Proclamar a sujeira da poesia é apenas um lugar comum, desde Baudelaire, pelo menos. Portanto, a intertextualidade e a carnavalização nos textos de Vertigem, série de 29 prosas poéticas de Wilson Alves-Bezerra devem apontar para outra coisa. Seriam pequenos capítulos que podem ser lidos de maneira independente formando quadros de linguagem, ou uma narrativa sem começo nem fim e que poderia ser lida a partir de qualquer capítulo. Provavelmente cada leitor escolherá o seu próprio primeiro capítulo dessas reflexões, ou dessa reflexão sobre a crise da linguagem e a literatura. Por isso, se for o caso, poderia pinçar o sétimo fragmento, no qual encontraria um ponto de partida e chegada e sintetizaria a teorização implícita em cada linha deste pequeno livro, capaz no entanto de se desdobrar ao exigir do leitor um diálogo muito próximo à letra, para que se associe ao processo criativo da obra.

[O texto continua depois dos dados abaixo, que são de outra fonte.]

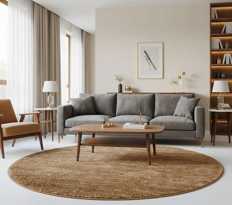 For a classic living layout, place the rug in the centre of the room and place the front legs of your sofa and armchairs on the rug. This will help create a better aesthetic and cleaner appearance.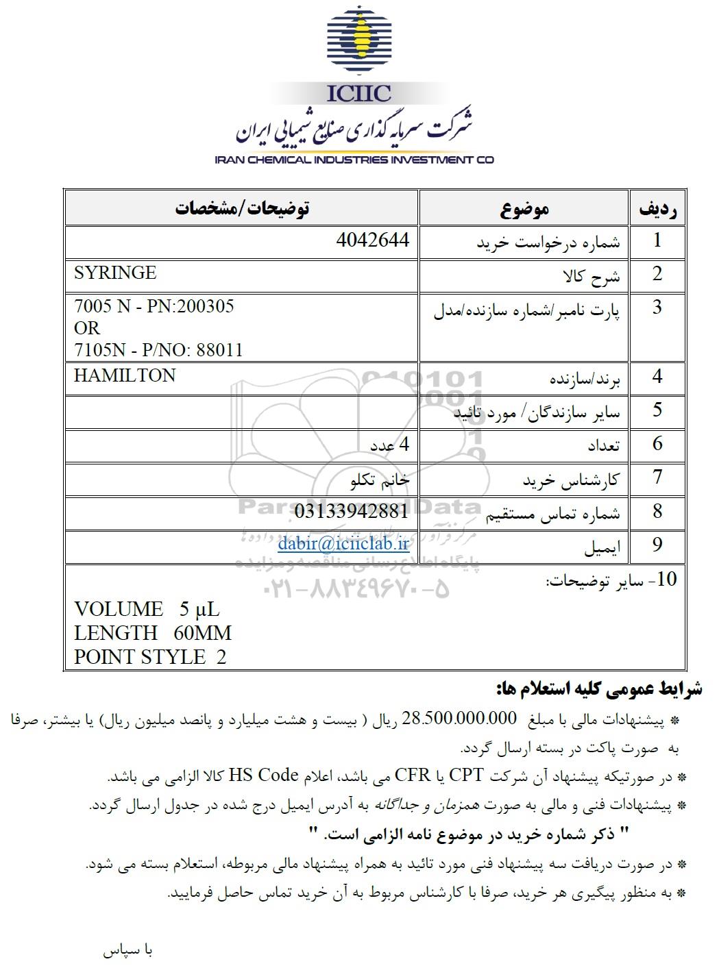 | 9 | ایمیل | dabir@iciiclab.ir |

Trata-se de um texto — o capítulo ou poema número VII — que reivindica o acaso, ok, e a incerteza incorporada à expressão que absorve o referencial e o transforma em fluxo do verbo sempre inconcluso. A certeza do narrador é de que sua única chance será ceder à compulsão aceitando este fato básico: ele não passa de um "escritor de rascunhos", pois "mais importa rabisco que tipografia. Sempre tive certezas, nunca borrachas". A compulsão vem do atestado de vida final, o próprio corpo, suas contingências e condicionamentos físicos. Aí está o lance premente: permitir que a obra se faça em progresso e incorpore o escritor, a animalidade, em seus júbilos e estertores, uns ligados aos outros. Por exemplo, no caminho entre a cama e o banheiro ou vice-versa, ele confunde pia com vaso sanitário (um erro enfático) e "tomba para a cautela acadêmica vir lhe decifrar os rabiscos". Tomba embriagado de sono, álcool ou de náusea, ou tudo isso junto.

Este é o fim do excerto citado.